В зале словно у всех пропал слух – тишина была настолько мертвенна, что слышалось, как на кухне шкворчат на сковороде котлеты.
– И тебе здравствуй, Рома, – справившись с оцепенением, проговорил Гарик. Он знал, на чью территорию залез, когда требовал дань с продавцов меховых изделий, и сейчас нужно было всем дать ответ на последний вопрос – возможен ли подобный кураж в тот момент, когда рядом сам Гул.
– Присядь ко мне, дружище, – пригласил Гулько, продолжая раскатывать на столе узоры. – Пульку распишем. Я тебя с годовщиной поздравлю. Надеюсь, не с последней.
– Я в карты не играю, – Гарик пришел в себя окончательно и, увидев, что рядом с заклятым врагом всего двое, вновь почувствовал в руках поводья.
– Почему же?
– Потому что всегда полагаюсь на свой ум, а не на случай.
Острота ответа была поддержана азербайджанской стороной.
– А в картах именно на ум и нужно полагаться, – возразил, теряя улыбку, Гул. – Наверное, именно поэтому ты в карты и не играешь. Хотя если бы пятилетку отмотал, тогда, может быть, и катать научился, и думать. Но ты ведь не «заезжал» ни разу, верно?

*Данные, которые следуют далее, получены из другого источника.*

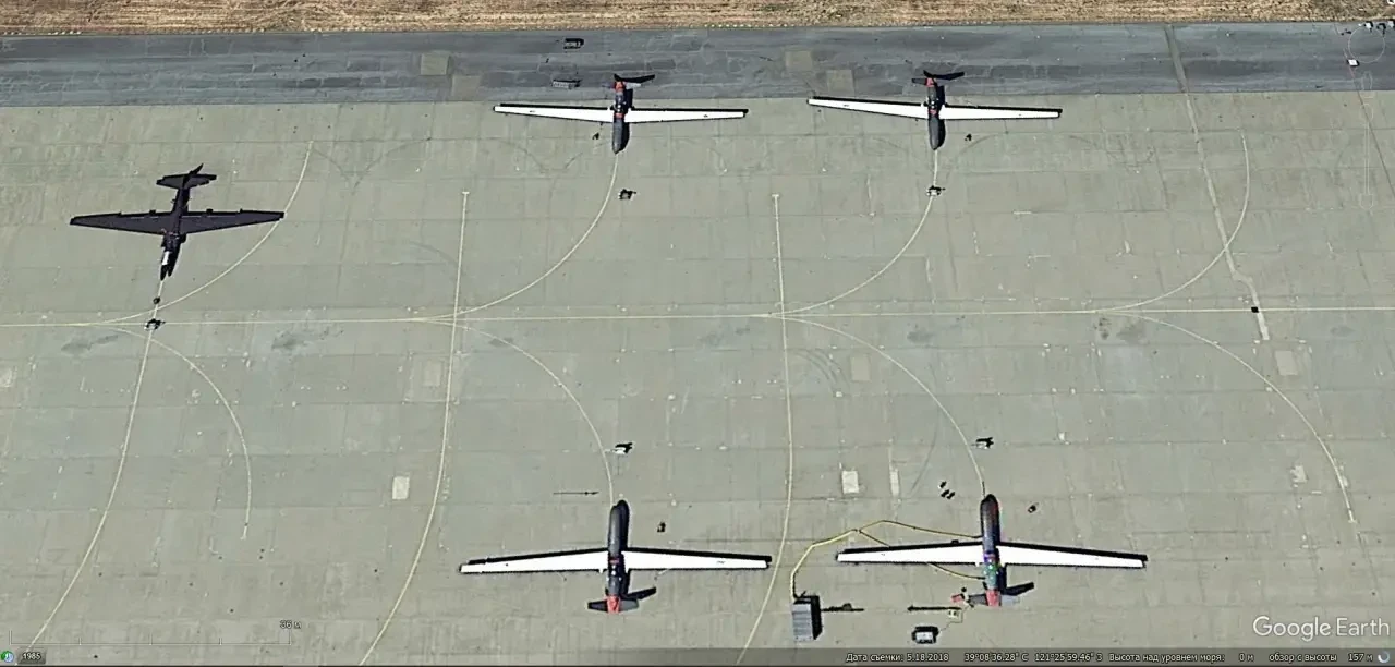 Спутниковый снимок Google Earth: БПЛА над взлётно-посадочной полосой авиабазы Крич

Гарик думал, где его обидели. Не поняв, сделал вид, что понял.
– Ты, Гулько, привык людей оскорблять…
– Как ты меня назвал? – перебив, прищурился Рома.
Не привыкший к блатным зацепкам азербайджанец пропустил вопрос мимо ушей и решил закончить собственную речь.
– Или ты по привычке все делаешь? Забываешь, что время идет и люди меняются? – Халва развязался окончательно, и его понесло. – Зачем со мной сейчас так говоришь? Я сам так с тобой поговорить могу.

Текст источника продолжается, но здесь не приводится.